University of Waterloo and Indiana University, 2001-2003, with Peter Deadman
A fundamental step in LUCC research is the identification of drivers, or causal mechanisms, that influence landscape change. An area that has received widespread attention in LUCC research is the Amazon basin, due to the rapid rate of change and the region’s importance as a carbon sink and source of biodiversity.
Emilio Moran and Eduardo Brondizio of the Department of Anthropology at Indiana University had been conducting field research along the trans-Amazon highway near Altimara, Brazil, since its inception in the early 1970’s. They hypothesized that much of what was driving land use changes (i.e. deforestation trends) on individual properties was based on household demographic characteristics. Our goal with the LUCITA project was to formalize research on colonist household farming practices and decision-making behaviours using an agent-based model to determine if the hypothesized conceptual model could produce overall patterns of land use change that agreed with those observed in remotely sensed images. The results of my master’s thesis (Robinson 2003) and coauthored paper (Deadman et al. 2004) illustrated that the use of simple heuristic decision-making strategies representing colonist household farming decisions were capable of producing land cover change trends that compared well with remotely sensed data from 1970-2000. We also determined that households did not make land-use decisions based on their length of time on the frontier, but simply on the basis of available household resources (i.e. labour and capital availability as a secondary result from changing household demographics and structure), the performance of previous crops, and the landscape characteristics of the farm parcel (e.g. soil and burn quality). Pre-existing lot characteristics were also found to influence household land use choices.

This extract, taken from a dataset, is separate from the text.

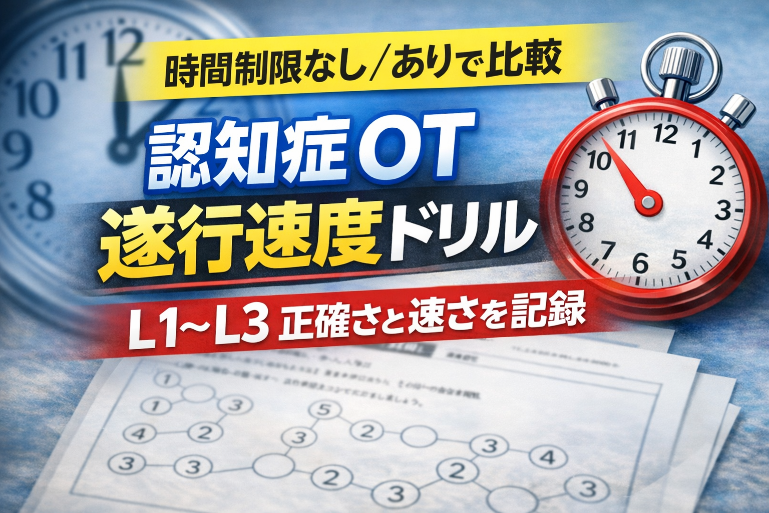 認知症 OT の遂行速度ドリルは「時間制限なし→あり」の 2 段運用で比較精度が上がります

Overall, our contribution suggested that the conceptual model of household demographics and structure changes could explain a portion of LUCC trends but that additional research focussing on lot effects, and information dissemination amongst farmers was needed.
The LUCITA project was a sub-component of a larger NSF biocomplexity in the environment program (SES00835) project titled "Biocomplexity in Linked Bioecological-Human Systems: Agent-Based Models of Land Use Decisions and Emergent Land Use Patterns in Forested Regions of the American Midwest and the Brazilian Amazon", whose principal investigator was Elinor Ostrom.